Time Complexity: Traversal and Printing a Linked List
O(n)
0
0
Traversal and Printing a Linked List in DSA C - Time & Space Complexity
Understanding Time Complexity
When we traverse and print a linked list, we want to know how the time it takes changes as the list grows.
We ask: How does the number of steps grow when the list gets longer?
Scenario Under Consideration
Analyze the time complexity of the following code snippet.
struct Node {
int data;
struct Node* next;
};
void printList(struct Node* head) {
struct Node* current = head;
while (current != NULL) {
printf("%d -> ", current->data);
current = current->next;
}
printf("NULL\n");
}
This code goes through each node in the linked list and prints its value until it reaches the end.
Identify Repeating Operations
Identify the loops, recursion, array traversals that repeat.
- Primary operation: The while loop that visits each node once.
- How many times: Exactly once per node, so as many times as there are nodes in the list.
How Execution Grows With Input
As the list gets longer, the number of steps grows directly with the number of nodes.

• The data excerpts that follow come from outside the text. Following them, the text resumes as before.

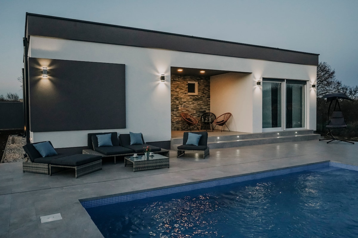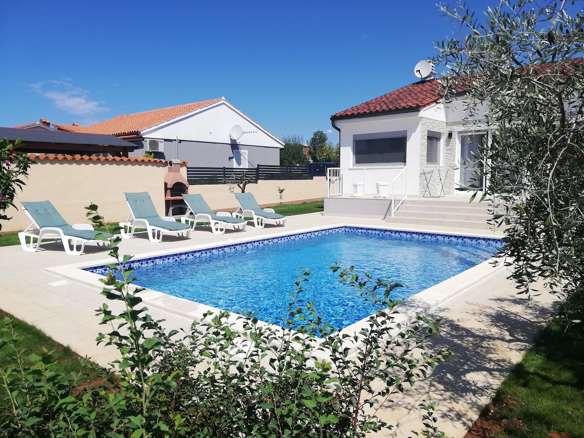 A brand new city villa with a swimming pool designed for your maximum comfort and pleasure.The location of the villa is the perfect combination of the tranquility of a countryside and the proximity of the center of the 3000 years old city of Pula.The house can accomodate 6-8 people and it consists of a ground floor with the kitchen and dining area with direct access to the outdoor terrace and the swimming pool,living room and bathroom, and the upper floor with 3 bedrooms each with its own bath.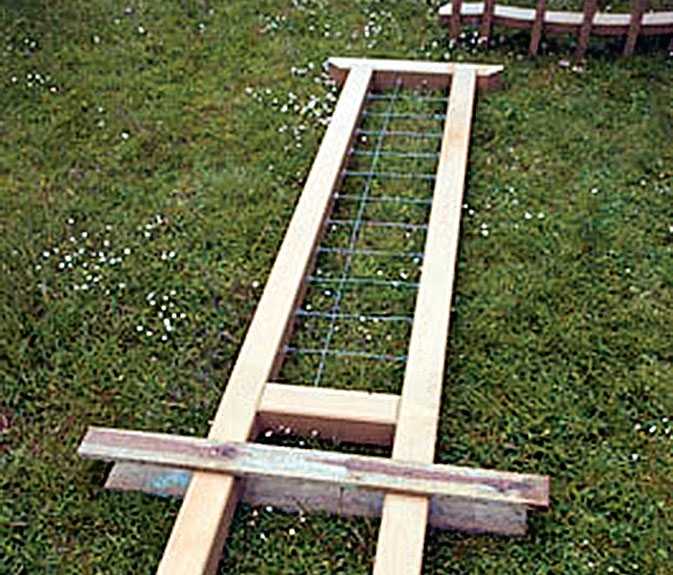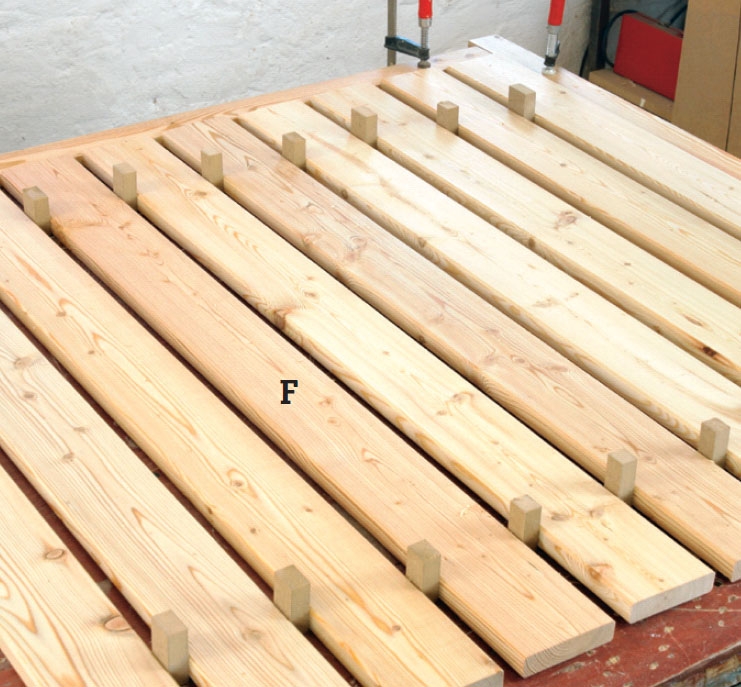 Lærkebrædderne (F) udsaves i længden 110 cm. Med små listestykker som afstandsklodser lægges brædderne op til en bredde på 118 cm.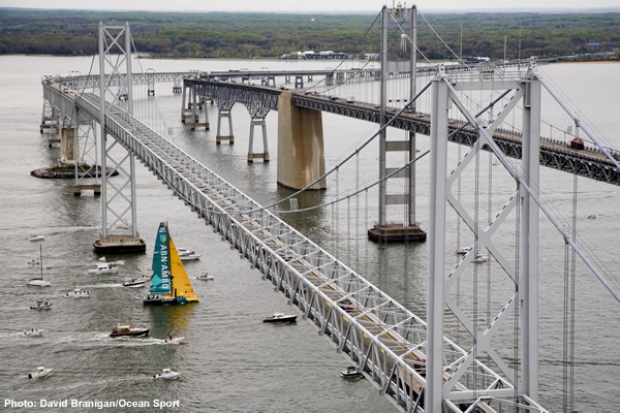 ABN AMRO One, the Dutch yacht affectionately known as ‘Black Betty’, under the Annapolis Bridge and across the finish line south east of Sandy Point, 18 nautical miles from Baltimore’s Inner Harbor, to add another leg win to their tally of three wins and a second place in the Volvo Ocean Race so far.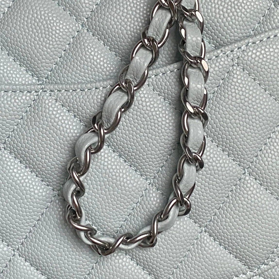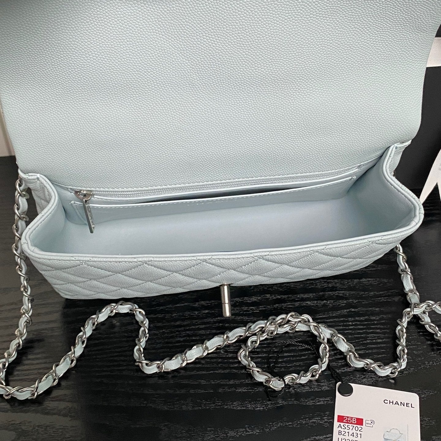 CHANEL 25S FLAP BAG 22 IN SLATE BLUE CALFSKIN SILVER HARDWARE
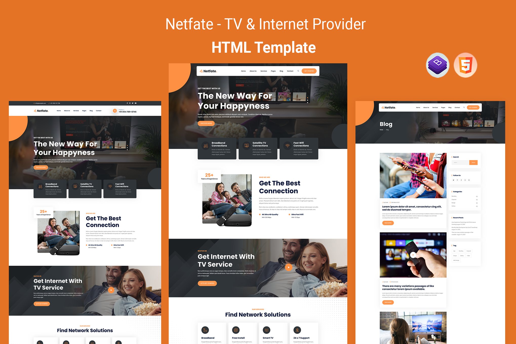 Netfate – TV & Internet Provider HTML Template is a versatile and modern template designed for various services including Broadband, Satellite TV, Cable Television, Online Cinema, VoIP, and more. The template can be easily customized as each PSD file is well-layered for easy access. The design is fully responsive, based on Bootstrap 5.x, and includes 2 Home Page options, 10 inner pages, and Wow Animations for added visual appeal. With 360+ icons, the template is built with HTML5 & CSS3, making it easy to customize and maintain. The clean design features a sticky header, commented and clean code, and is Retina Ready for a crisp display. Additionally, the template includes free Google Fonts like Poppins and popular icon sets like flaticon and fontawesome, enhancing the overall user experience.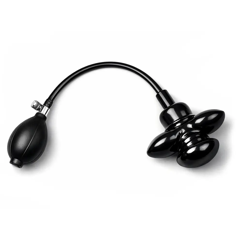 Black alar gag (width 12 cm), comes with hand pump and rubber hose (length 55 cm) with bleed valve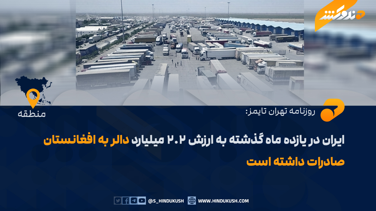 روزنامهٔ تهران تایمز گزارش داده که ایران در یازده ماه گذشته، به ارزش ۲.۲ میلیارد دالر، کالاهای غیرنفتی به افغانستان صادر کرده است.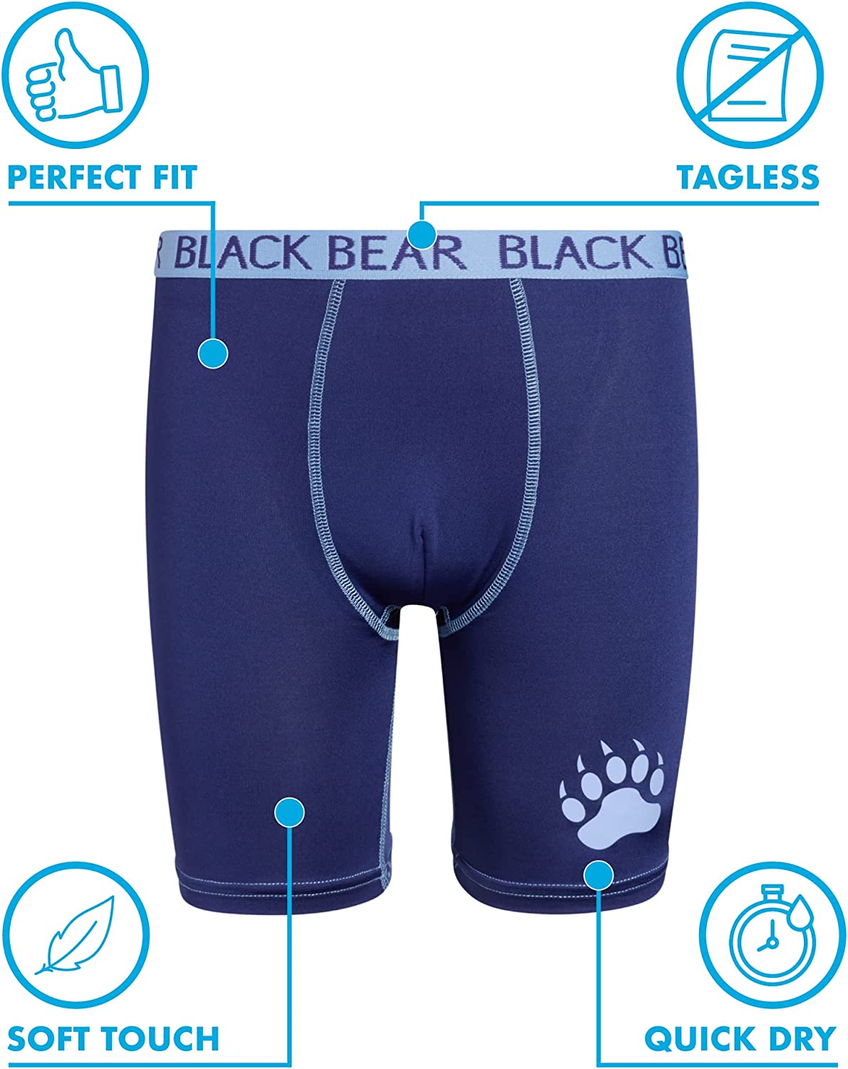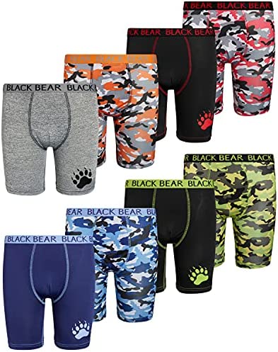 Black Bear Boys Performance Dry-Fit Compression Long Boxer Brief (8 Pack)

| Input Size (n) | Approx. Operations |
|---|---|
| 10 | About 10 steps |
| 100 | About 100 steps |
| 1000 | About 1000 steps |
Pattern observation: The steps increase in a straight line as the list size grows.
Final Time Complexity
Time Complexity: O(n)
This means the time to print the list grows directly with the number of nodes.
Common Mistake
[X] Wrong: "The printing takes constant time because it just prints once."
[OK] Correct: Actually, it prints once for each node, so the time grows with the list size, not fixed.
Interview Connect
Understanding this helps you explain how simple list operations scale, a key skill in many coding interviews.
Self-Check
"What if we changed the linked list to a doubly linked list? How would the time complexity change when printing all nodes?"